Nous diagnostiquons avant de proposer : la solution vendue sans cette étape est celle qu'on refait deux ans plus tard.
Les solutions, du moins au plus invasif
| Ce qu'on observe | Cause probable | Intervention |
|---|---|---|
| Eau seulement lors de fortes pluies, près d'une descente de gouttière | Eau de surface | Rallonges de gouttières, correction de la pente, margelles : à faire avant tout |
| Humidité diffuse sans flaque, pire en été, murs froids | Condensation | Déshumidificateur, ventilation, isolation : aucune excavation |
| Eau qui suit une fissure précise du mur | Fissure de retrait | Injection de la fissure par l'intérieur, sans excavation |
| Eau au joint mur-dalle sur un ou plusieurs murs, après chaque pluie ou à la fonte | Drain colmaté, affaissé ou cassé | Inspection caméra, nettoyage si un accès existe, réparation de la section ou remplacement du drain |
| Eau au joint même par temps sec, puisard toujours plein | Nappe phréatique haute | Évaluation par un ingénieur ; pompe, drainage dimensionné, parfois drainage intérieur |
| Eau qui sort du drain de plancher ou des appareils pendant un orage | Refoulement d'égout | Clapet antiretour (plombier) et vérification municipale |
L'ordre compte. On règle d'abord l'eau de surface parce que c'est gratuit ou presque, et parce qu'un drain neuf qui reçoit l'eau de quatre descentes de gouttières est un drain qu'on surcharge. On traite ensuite les fissures qui fuient, par injection. Si l'eau continue d'entrer au joint mur-dalle, on inspecte le drain ; s'il n'est bouché que sur une section, une réparation partielle ne dégage que cette zone. S'il est mort sur tout le périmètre, c'est un remplacement complet : excavation jusqu'à la semelle, drain neuf de 100 mm sous au moins 150 mm de pierre nette contenant au plus 10 % de particules fines (les exigences de la section 9.14 du Code), membrane d'étanchéité sur le mur, remblai granulaire qui ne retient pas l'eau, comme le recommande l'APCHQ.
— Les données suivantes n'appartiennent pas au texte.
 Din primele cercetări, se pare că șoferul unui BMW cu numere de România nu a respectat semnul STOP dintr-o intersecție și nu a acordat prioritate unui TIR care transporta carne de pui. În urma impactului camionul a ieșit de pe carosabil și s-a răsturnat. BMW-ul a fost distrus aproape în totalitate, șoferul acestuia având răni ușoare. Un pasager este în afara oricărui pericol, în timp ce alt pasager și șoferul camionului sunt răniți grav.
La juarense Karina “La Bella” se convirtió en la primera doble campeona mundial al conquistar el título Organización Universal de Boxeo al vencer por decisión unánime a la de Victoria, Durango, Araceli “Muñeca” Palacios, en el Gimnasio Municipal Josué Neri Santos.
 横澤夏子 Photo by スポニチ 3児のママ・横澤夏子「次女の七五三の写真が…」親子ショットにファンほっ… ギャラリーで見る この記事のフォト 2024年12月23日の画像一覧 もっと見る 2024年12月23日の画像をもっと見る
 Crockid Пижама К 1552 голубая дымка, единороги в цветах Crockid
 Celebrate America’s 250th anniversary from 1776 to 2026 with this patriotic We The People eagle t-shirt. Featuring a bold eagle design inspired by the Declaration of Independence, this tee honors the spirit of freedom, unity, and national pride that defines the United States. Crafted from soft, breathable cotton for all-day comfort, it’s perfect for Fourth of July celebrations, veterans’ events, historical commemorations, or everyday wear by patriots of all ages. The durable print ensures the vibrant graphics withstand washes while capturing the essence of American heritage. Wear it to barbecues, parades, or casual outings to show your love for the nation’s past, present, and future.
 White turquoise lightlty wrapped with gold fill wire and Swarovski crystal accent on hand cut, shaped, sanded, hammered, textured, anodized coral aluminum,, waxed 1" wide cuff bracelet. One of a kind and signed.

Le drainage intérieur (tranchée le long de la dalle vers un puisard) est la solution de dernier recours : il gère l'eau une fois entrée sous la maison au lieu de l'arrêter dehors. Il se justifie quand l'excavation extérieure est impossible (voisin collé, garage, roc) ou quand la nappe est trop haute pour qu'un drain extérieur suffise. Notre article Drain français ou membrane d'étanchéité : que choisir ? explique pourquoi la membrane seule, sans drain, n'est pas une solution.
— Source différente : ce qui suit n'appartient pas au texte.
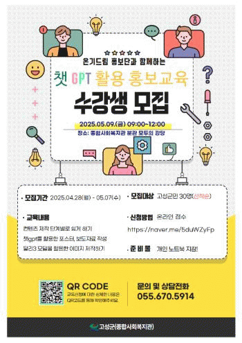 [NWS¹æ¼Û=Çѽ¸ñ ±âÀÚ]°í¼º±ºÀÌ ¿î¿µÇÏ´Â °í¼º±ºÁ¾ÇÕ»çȸº¹Áö°ü¿¡¼­´Â ¿Â±âµå¸² È«º¸´Ü ÇÔ²²ÇÏ´Â Áֹα³À°'êgpt¸¦ Ȱ¿ëÇÑ È«º¸±³À°'¼ö°­»ýÀ» ¸ðÁýÇÑ´Ù. À̹ø ±³À°Àº ¿À´Â 5¿ù 9ÀÏ 9½ÃºÎÅÍ 12½Ã±îÁö °í¼º±ºÁ¾ÇÕ»çȸº¹Áö°ü ºÐ°ü(°ø°ø½Ç¹ö¡¦
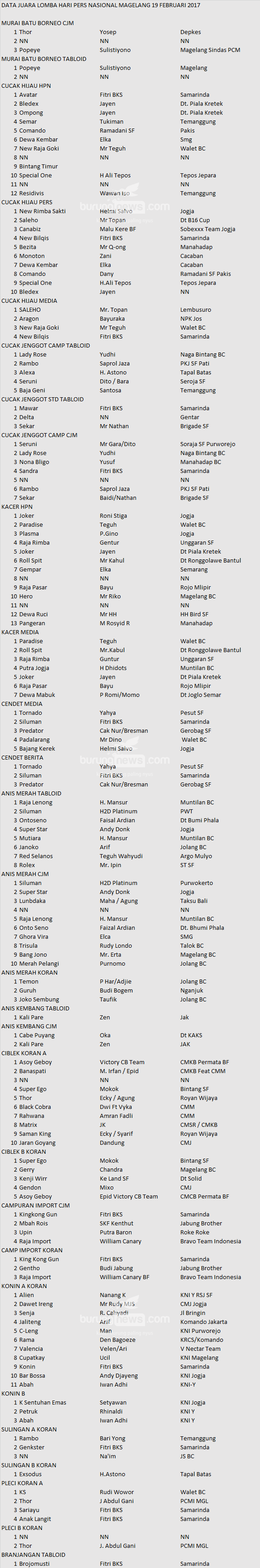 Judul : JUARA HARI PERS NASIONAL MAGELANG 19 FEBRUARI BAG 2 MB BORNEO, CUCAK HIJAU, KACER DLL
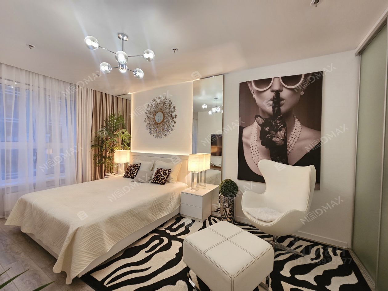 Квартира с хорошим ремонтом и эргономичной планировкой. При входе организована достаточно вместительная гардеробная. Просторная спальная комната, встроенный шкаф с подсветкой. Есть туалетный столик. Кровать 180200, ортопедический матрас askona.
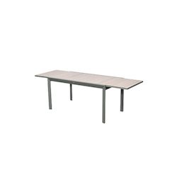 Table de jardin Evasion — Hespéride Grande capacité : accueille jusqu'à 10 personnes, 12 avec la rallonge Rallonge coulissante pratique : passe de 200 cm à 320 cm en un geste Structure aluminium traitée époxy : légère, solide et résistante à la rouille Résistance aux UV : couleur prése
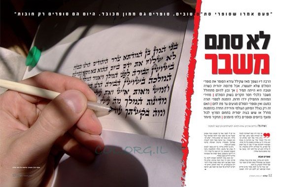 לגבי מזוזות ותפילין השוק יחסית יציב, אך זה נכון שבכל הקשור לספרי תורה יש פשוט עצירה כמעט מוחלטת. לא שמעתי על כאלו שרעבים ללחם, תמיד אפשר לשלב את הכתיבה בעבודה נוספת ולהפוך אותה לעבודה צדדית, אבל ירידה יש בהחלט. ואולי זה מה שטוב במקצוע הזה – האפשרות לשלב אותו עם מקצועות אחרים, שהרי מדובר בעבודה הנעשית בכל שעה ביום בביתך הפרטי".
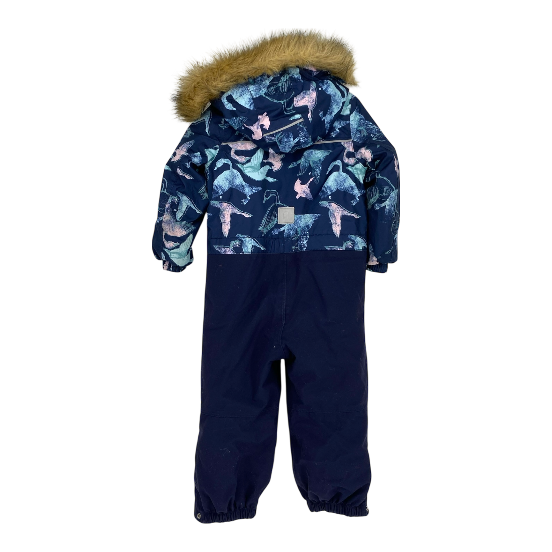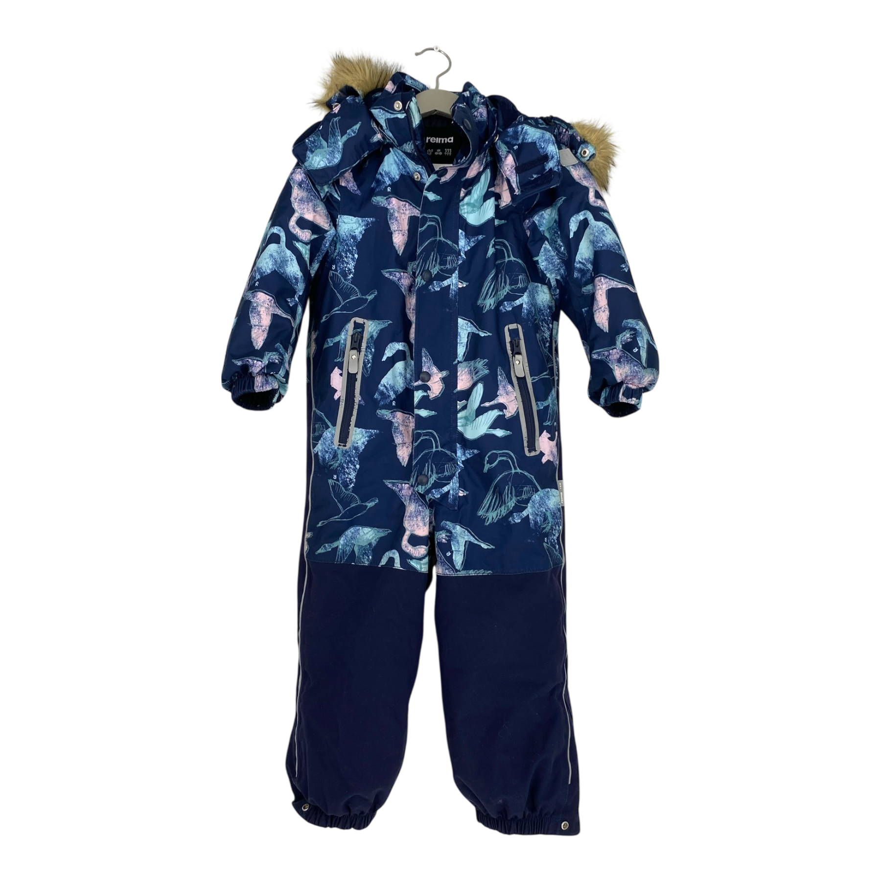 Reima Kipina winter overall with detachable faux fur hood, zip pockets on sides, reflective details, adjustable elastic on the waist and durable foot loops.

Ce qu'il ne faut pas faire
- Peinturer ou « sceller » un mur qui mouille. Les peintures hydrofuges retiennent l'eau dans le béton ; elle ressort à côté, ou fait cloquer la peinture au premier printemps. Le mur a l'air réglé pendant une saison.
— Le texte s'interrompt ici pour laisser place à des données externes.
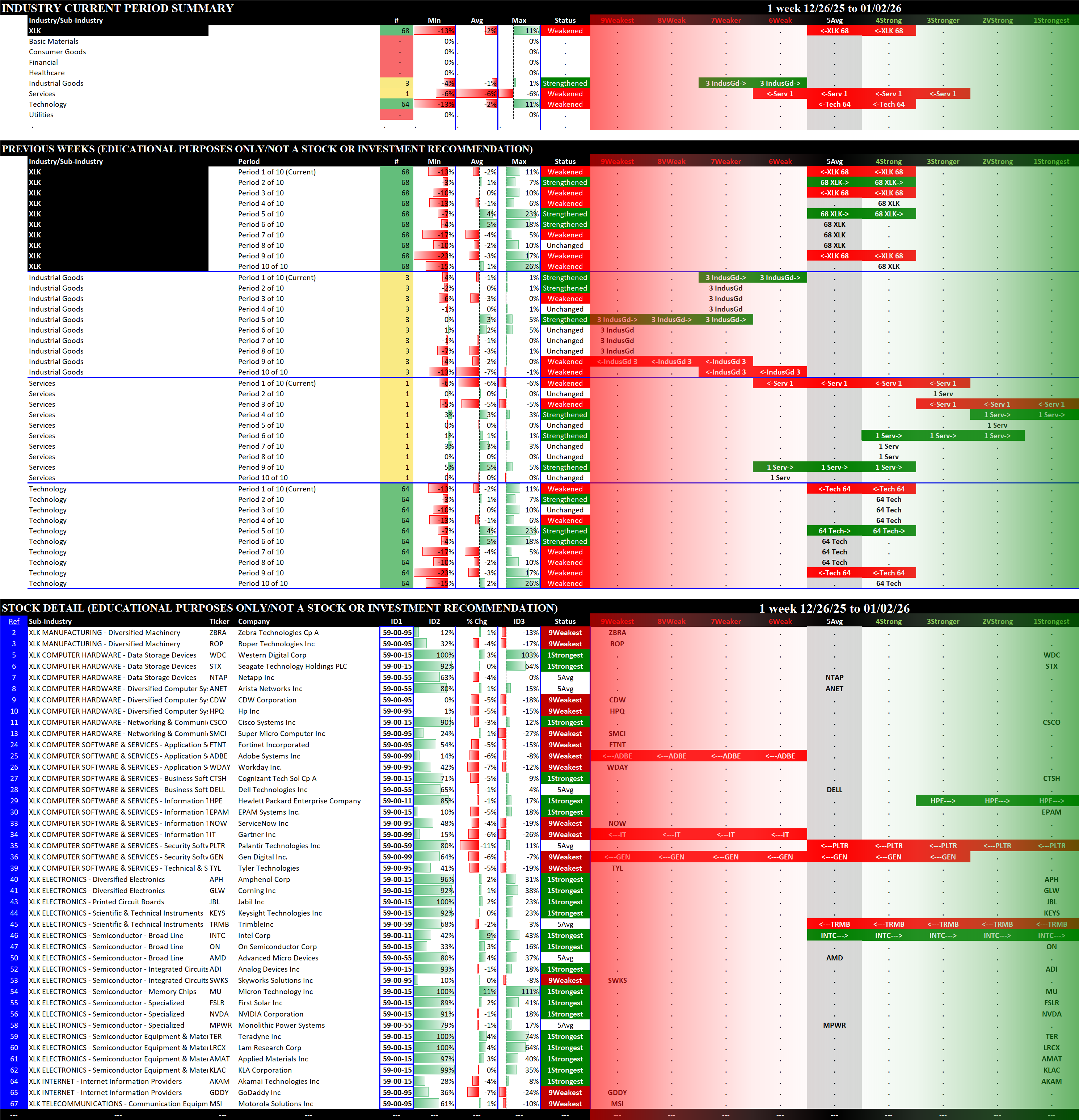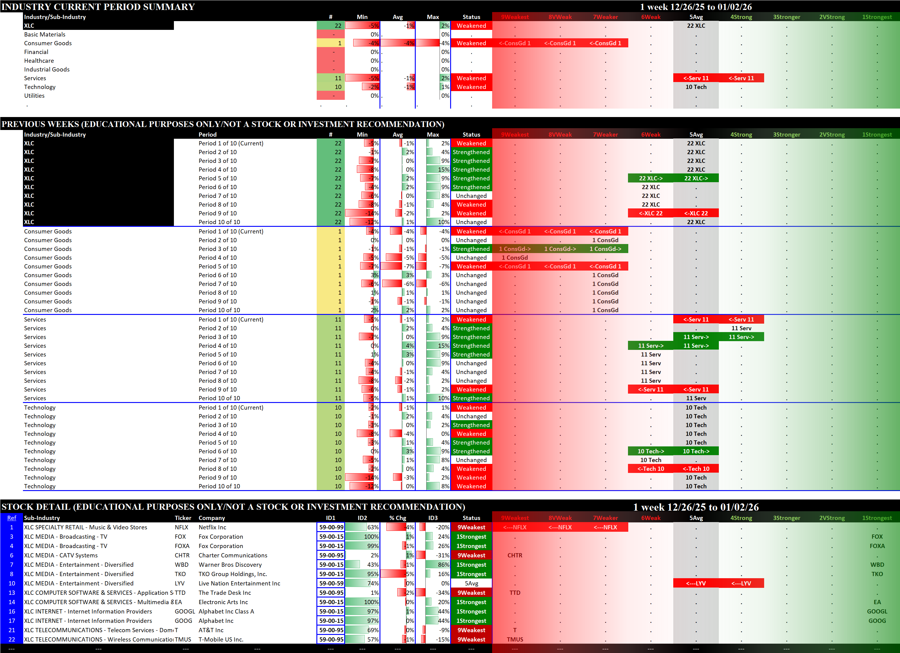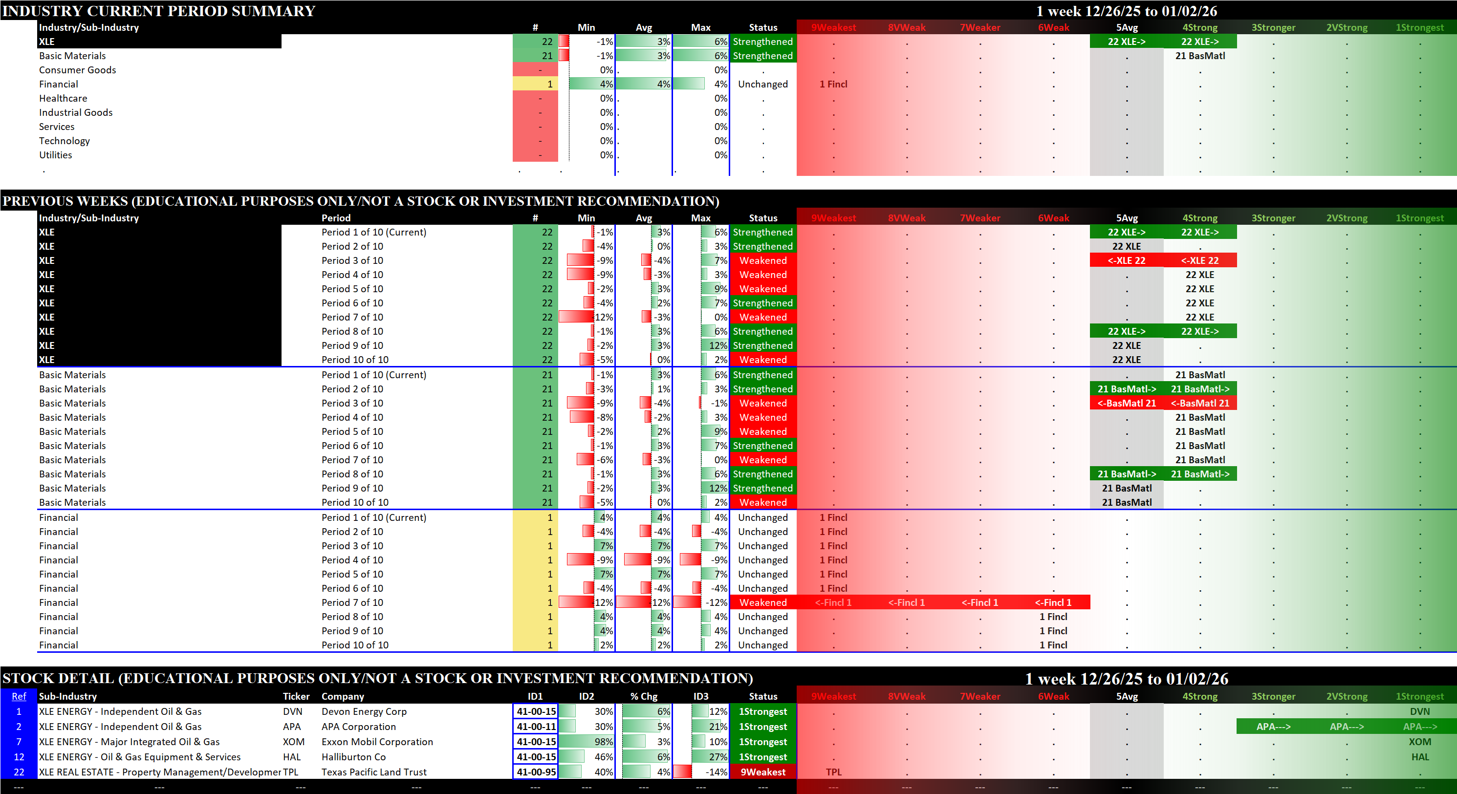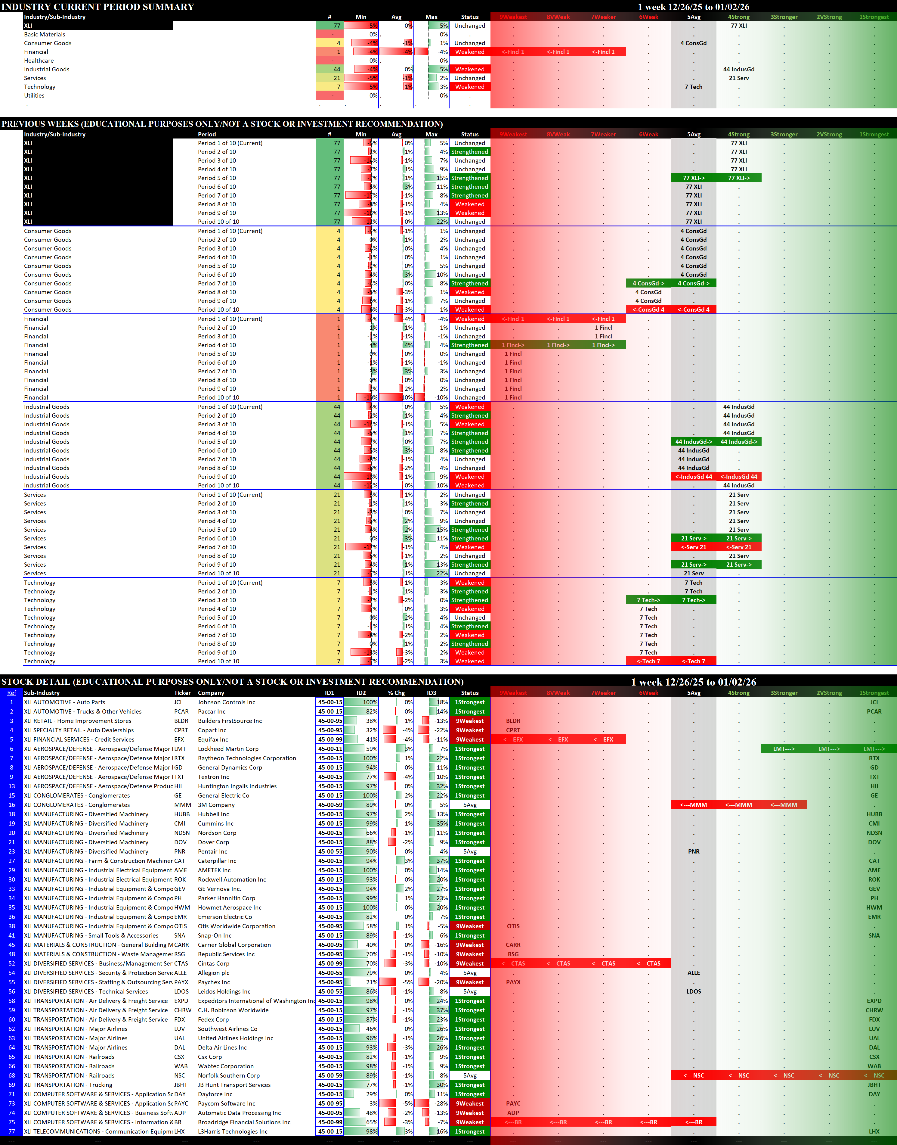 Referred to as Spectrum format (these are presented as the spectrum of possibilities from 9Weakest to 1Strongest), here are the raw strength readings for each sector with their change for the just-completed week:

- Injecter une fissure sans savoir pourquoi l'eau est là. L'injection règle la fissure. Si le drain est mort, l'eau prend la fissure suivante.
- Finir le sous-sol avant d'avoir réglé l'eau. Gypse et isolant sur un mur qui mouille, c'est de la moisissure garantie derrière la finition, invisible jusqu'à l'odeur.
- Remettre l'argile excavée contre le mur. Elle garde l'eau et gèle plus creux ; l'APCHQ recommande un remblai granulaire propre.
- Raccorder les gouttières au drain de fondation. Interdit à Repentigny et contre-productif partout : on envoie l'eau du toit exactement là où on veut qu'il n'y en ait pas.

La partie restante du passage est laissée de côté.